Flash forward ten years and she (now played by Marya Sea Kaminski) and Potato (now played by Tyler Bocock) are living in a comfortable suburban house in sunny California with new husband/stepfather John (Dan Lauria). They no longer want for material things and Potato is enjoying his studies. There's just one problem. John chose a Russian bride because he expected her to share his strong religious commitments, which include an objection to homosexuality. If Potato's secret gets out, they could both be deported - something they are desperate to avoid.
Expanded from SXSW prize-winning short Little Potato, this film is a semi-autobiographical work by writer/director Wes Hurley. It's heavily stylised in a playful way which helps to keep scenes dealing with poverty and domestic tyranny from getting too grim. The young Potato finds a friend in Jesus (Jonathan Bennett), but the religious figure's purity means that he's not much help in dealing with with the boy's most immediate concerns. Later, an assortment of imagined lovers will bring colour to the transplanted youth's world, fuelled by a steady diet of risqué material from the local video shop. An initially shy teenager made more awkward still by attempts to welcome him and celebrate his culture, he's happy to dissolve into the West Coast milieu where, despite fetishistic attitudes to his birth nationality, he can find a sort of acceptance when just being himself.

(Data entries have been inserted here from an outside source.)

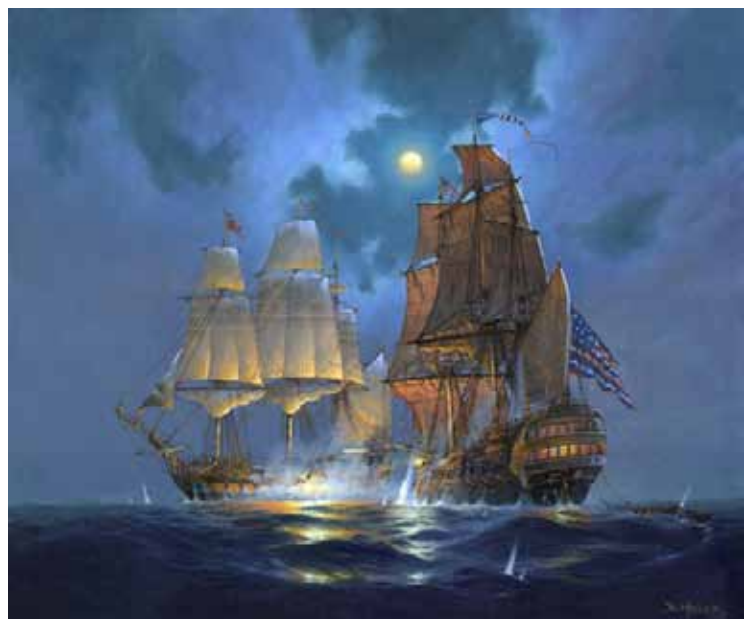
Bonhomme Richard and Serapis

monkeys of the Serapis, finding no officer to receive the eighteen-pound cartridges brought from the magazines, threw them on the main deck, and went for more. These cartridges being scattered along the deck, and numbers of them broken, it so happened that some of the hand grenades thrown from the main-yard of the Bonhomme Richard, which was directly over the main hatch of the Serapis, fell upon this powder, and produced a most awful explosion. The effect was tremendous. More than twenty of the enemy were blown to pieces, and many stood with only the collars of their shirts upon their bodies. In less than an hour afterward the flag of England, which had been nailed to the mast of the Serapis, was struck by Captain Pearson's own hands, as none of his people would venture aloft on this duty; and this, too, when more than 1,500 persons were witnessing the conflict, and the humiliating termination of it, from Scarborough and Flamborough Head."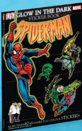
Ultimate Sticker Book: Glow in the Dark: Spider-Man 9780756619992 | PB 8 1/2 x 11" | 16 pp. | $6.99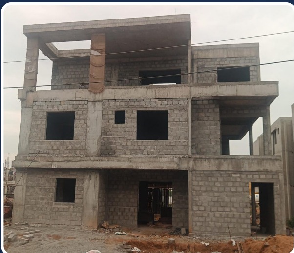
VILLA-132 (Structure Completed)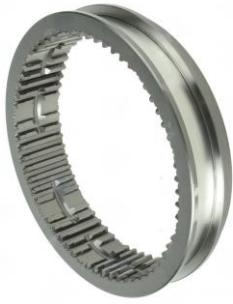
SLIDING SLEEVE 63T PART NO: 1296 333 023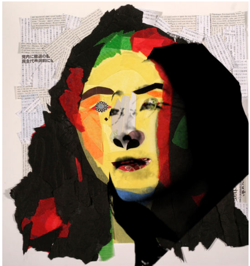
Mixed Media Self Photo Portraits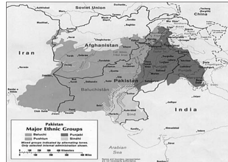
Figure 1: Pakistan : Major Ethnic Groups

Pakistan has thus, overlapping cultural and linguistic identities, meaning, affinities with its borders, and yet a larger religious identity with similarities beyond its borders. I would make my argument by saying that the cultural and linguistic similarity between Punjab of Pakistan and Punjab of India, shared traditional heritage and Pushtoo language of Khyber-Pakhtoonkhwa and Afghanistan, tribal mores and culture of Baluchistan and Iran make Pakistan a key jigsaw piece in the South Asian region, as evident from the map shown in Figure 1: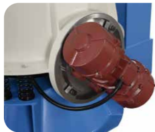
Adjustable Motor Position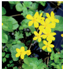
Kingcup Caltha palustris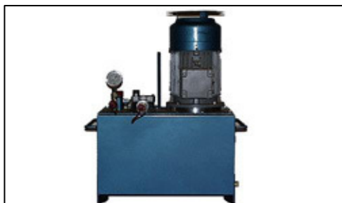
Hydraulic power pack with electric motor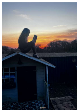
Olivia Barn Owls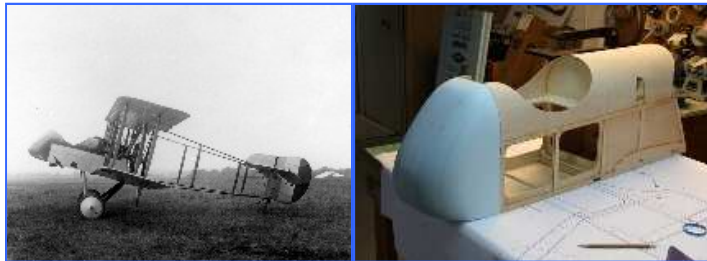
Left: Airco(Dehavilland) DH2 picture photo and under construction photo sent in by Jeff Shutic.

Jim's other project is an Airco (Dehavilland) DH2, also 1/3 scale. This airplane appeared early in the war and utilized a pusher engine to allow gun placement on the airplane's centerline. This design preceded the use of gun/engine synchronization by British forces. Jim drew up his own plans for this effort. The rearward placement of the pusher engine will require a lot of nose weight as the pilot and ammo load was part of the weight and balance equation of the full size aircraft. The model is well underway and is also expected to fly in 2012.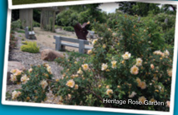
Heritage Rose Garden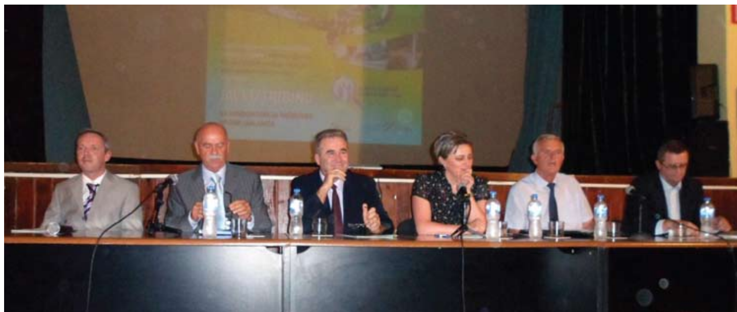
Public tribune in Jablanica

Upon the completion of the survey, LDA Mostar checked the work of the surveyors. Random check of 5% of the surveyed households was conducted for Konjic, Jablanica and Mostar. Local Democracy Agency Mostar, together with volunteers engaged on the Project, completed the data (surveys) entry in the period from 23 April to 04 May.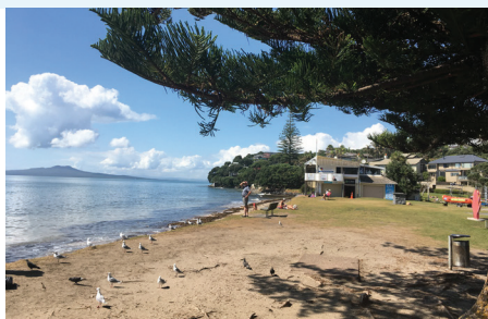
Mairangi Bay beach.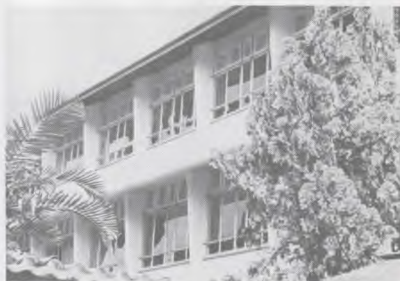
A beautiful school, but in much need of repair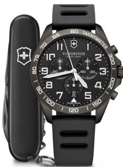
241926.1 */** - FIELDFORCE SPORT CHRONO Ø 42 mm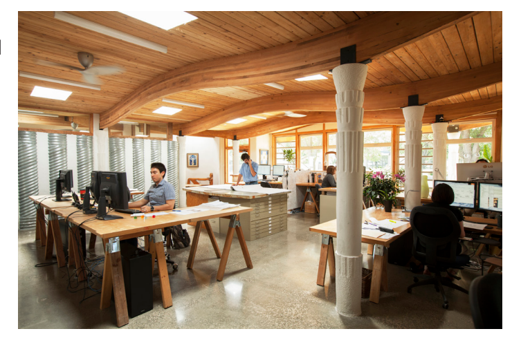
NATURAL DAYLIGHT ILLUMINATES THE INTERIOR OF INDIGO'S OFFICE SPACE

and functionality for the budget available. Every improvement considered will be evaluated based on public safety functionality, security, cost, and life cycle cost. Our team has remodeled many similar facilities and is expert at finding the least-cost solutions to the issues that inevitably arise when renovating an existing building. Our commitment is to meet all code and regulatory requirements, including those for Essential Service Buildings, in the most direct and cost-effective manner possible. An advantage of our team of architects and engineers is that we are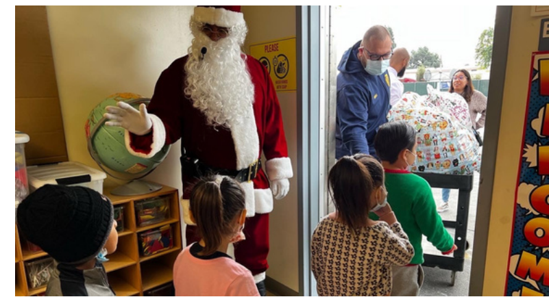
Santa and South LA AB-109 DPOs pass out sweet treats to Estrella Elementary students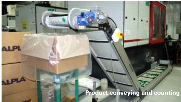
Product conveying and counting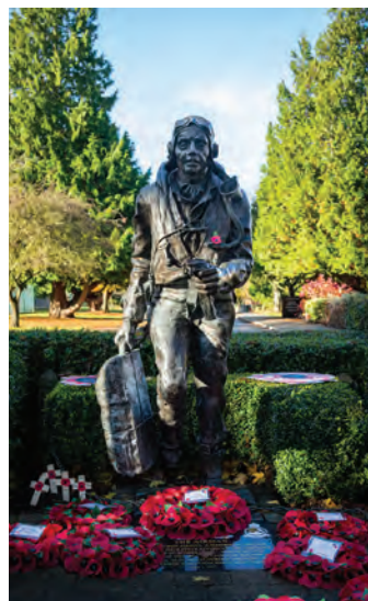
The Running Airman sculpture

On Christmas Day, All-Age Communion will be held at the Discovery School at 10am and the Christian Fellowship is holding All-Age Worship in the Community Centre at 10.30am.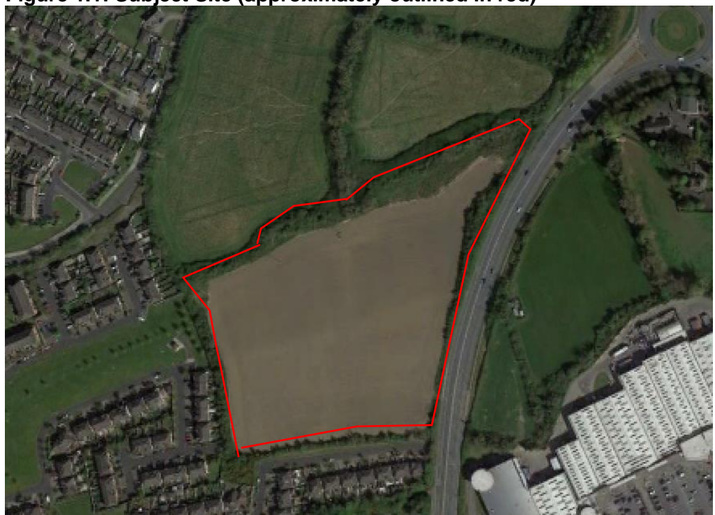
Figure 1.1: Subject Site (approximately outlined in red)

A Strategic Housing Development application (ABP Ref.: 313331-22) was submitted to An Bord Pleanála on the 14<sup>th</sup> April 2022 for the subject lands and is currently awaiting a decision from the Board (i.e. the statutory timeframe of 16 weeks was not met). The proposed development comprises a Strategic Housing Development of 645 no. residential units, in 10 no. apartment buildings, with heights ranging from 4 no. storeys to 10 no. storeys, including undercroft / basement levels (for 6 no. of the buildings). The proposals include 1 no. community facility in Block 1, 1 no. childcare facility in Block 3, and 5 no. commercial units in Blocks 4 and 8.

Potato's experiences as a young immigrant are paralleled by those of his mother, whose blue collar work doesn't seem a world away from what she might have been doing in Russia but who, rather than being saddled with a continually critical mother of her own, finds support from co-workers whose accepting attitudes and cheery sense of humour put her at ease. No matter how tough things get, this positive undercurrent is always present in the film, which positions most people as basically decent and suggests that even the most stubborn thorny plants need only be provided with the right conditions in order to bloom.
Quirky and a little uneven but appealingly sweet, this very personal film went down a treat at OutFest LA and makes a pleasing alternative to familiar narratives about exclusion and alienation. It may offer a perspective tinged with the stuff of dreams, but it has its feet firmly planted on the ground. The relationship between mother and son gives it a solid emotional core and Hurley's imaginative direction means it has no shortage of energy.